Кино, беря пример с Камиты, внимательно окинул взглядом бар, но не заметил ничего необычного. Ему только показалось, что бар стал каким-то пустым и бездушным, утратил свою прежнюю притягательность. После закрытия в нем, конечно, просто никого не осталось, но тем не менее.

Камита сказал:

– Вы не из тех, кто сам по себе поступает неверно. Я это знаю. Однако в нашем мире бывает так, что недостаточно лишь не делать неправильных действий. Есть те, кто использует такую пустоту, как лазейку. Вы понимаете, о чем я?

Кино не понимал. И прямо в этом признался.

– Задумайтесь хорошенько, – начал Камита, глядя Кино прямо в глаза. – Задачка не из легких и требует глубокого осмысления. Ответ так просто не отыщется.

– Вы хотите сказать, сложность возникла не потому, что я сделал что-то неверно, а потому, что не сделал что-то верное? По отношению к бару или к себе?

Камита кивнул:

– Говоря строго, примерно так оно и есть. Но даже при этом я не намерен винить лишь вас одного. Я сам должен был заранее обратить на это внимание. Выходит, в этом есть и моя вина. Здесь было уютно не мне одному, но наверняка – и кому угодно.

– И как мне теперь быть? – поинтересовался Кино.

Камита молча засунул руки в карманы плаща. Затем сказал:

– Закрыть временно бар и уехать подальше. В такой обстановке другого выхода нет. Если среди ваших знакомых есть уважаемый монах, пусть прочтет молитву и расклеит вокруг дома амулеты. Правда, в нынешние времена подходящего монаха сыскать непросто. Поэтому вам лучше уехать отсюда, пока не зарядил следующий ливень. Простите, вам хватит денег на долгую поездку?

– Смотря сколько ездить. На какое-то время хватит, – ответил Кино.

– Это хорошо. Как быть дальше, будет видно после.

– Однако вы-то кто?

– Я – просто Камита, – сказал он. – Пишется знаками «божье» и «поле». Никак не Канда. Издавна живу поблизости.

Кино собрался с духом:

– Камита-сан, позвольте спросить – вам прежде не доводилось видеть в этой округе змей?

Камита не ответил на вопрос, а только сказал:

– Да, хорошо. Езжайте подальше и чаще меняйте места. И вот еще одно: каждую неделю в понедельник и четверг непременно отправляйте открытку. Так я буду знать, что вы живы-здоровы.

– Открытку?

– Любую открытку с пейзажем той местности.

– А на чей адрес слать?

– На тетушкин. В Идзу. Только указывать отправителя и писать текст нельзя. Просто заполняйте поле адресата. Это очень важно, поэтому просьбу мою ни в коем случае не забывайте.

Кино удивленно посмотрел на Камиту:

– Вы что, дружны с моей тетушкой?

– Да, мы с нею старые приятели. Признаться, это она попросила меня приглядеть, чтобы с вами не случилось ничего дурного.

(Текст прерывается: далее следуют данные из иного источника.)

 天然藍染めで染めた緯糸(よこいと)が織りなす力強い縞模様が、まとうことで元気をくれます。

А я не уследил.

Кто же он такой? Кино так и не узнает, пока тот не признается сам.

– Когда можно будет вернуться, я вам сообщу. Но до той поры, Кино-сан, чтобы сюда – ни ногой. Понятно?

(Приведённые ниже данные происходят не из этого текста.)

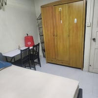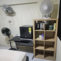 Equipped with a standing fan, wall fan, and mini fridge.

Кино той же ночью собрался в дорогу. Лучше уехать отсюда, пока не зарядил следующий ливень. Как гром среди ясного неба! Ни тебе пояснений, ничего – как хочешь, так и понимай. Однако Кино поверил Камите на слово. И хоть слова его прозвучали нелепо, усомниться в них желания не возникло. В доводах Камиты крылась удивительная, затмевающая любую логику сила убеждения. Смена белья и предметы туалета поместились в одну сумку среднего размера. В такую же он складывал образцы обуви, отправляясь в очередную командировку. И потому прекрасно знал, что нужно, а что нет для долгого пути.

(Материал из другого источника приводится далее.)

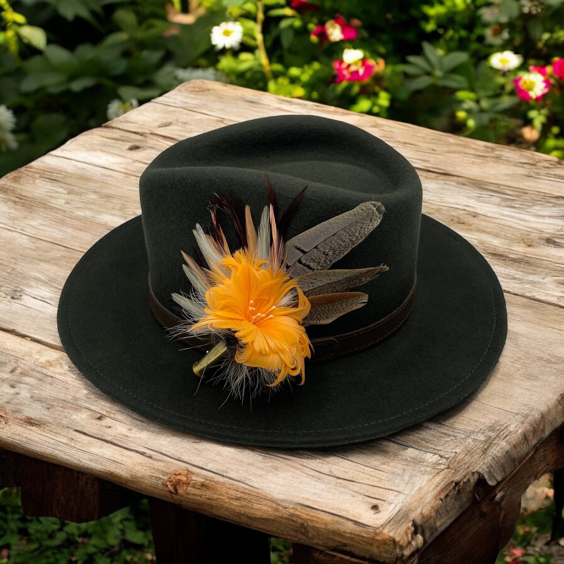 Feathers are in a recycled polished bullet case with a clasp attached for pinning through the ribbon band or over the leather band on the hat. We add a magnet to the feathers for extra security and to minimise the movement of the feathers on the hat.

На рассвете он приколол на стену бара лист бумаги с надписью «На некоторое время бар закрыт». «Подальше», – сказал ему Камита, но куда ему и в самом деле податься, в голову не приходило. На север или на юг – он не знал даже этого. Поэтому Кино решил первым делом отправиться по своему прежнему маршруту, каким ездил, когда работал на спортивную фирму. Сев на автобус, он направился в Такамацу. Там, объехав вокруг Сикоку, собирался перебраться на Кюсю. В Такамацу остановился в бизнес-гостинице рядом со станцией и провел в этом городе три дня. Бесцельно бродил по улицам, посмотрел несколько фильмов. На дневных сеансах залы кинотеатров были пусты, а фильмы – как на подбор никудышны. Вечером возвращался к себе в номер и включал телевизор. По совету тетушки старался смотреть образовательные программы. Но ничего полезного для себя так и не узнал. Второй день в Такамацу пришелся на четверг. Кино купил в «комбини» открытку, наклеил марку и отправил тетушке. Как велел ему Камита, подписал только ее имя и адрес.

Вечером третьего дня ему вдруг захотелось женщину. Номер телефона подсказал таксист. Пришла молодая девушка лет двадцати, с гладким красивым телом. Однако секс с начала и до самого конца оказался ему в тягость. Просто так, снять напряжение. Хотя, если говорить откровенно, даже напряжение снять не удалось. Наоборот, жажда только усилилась.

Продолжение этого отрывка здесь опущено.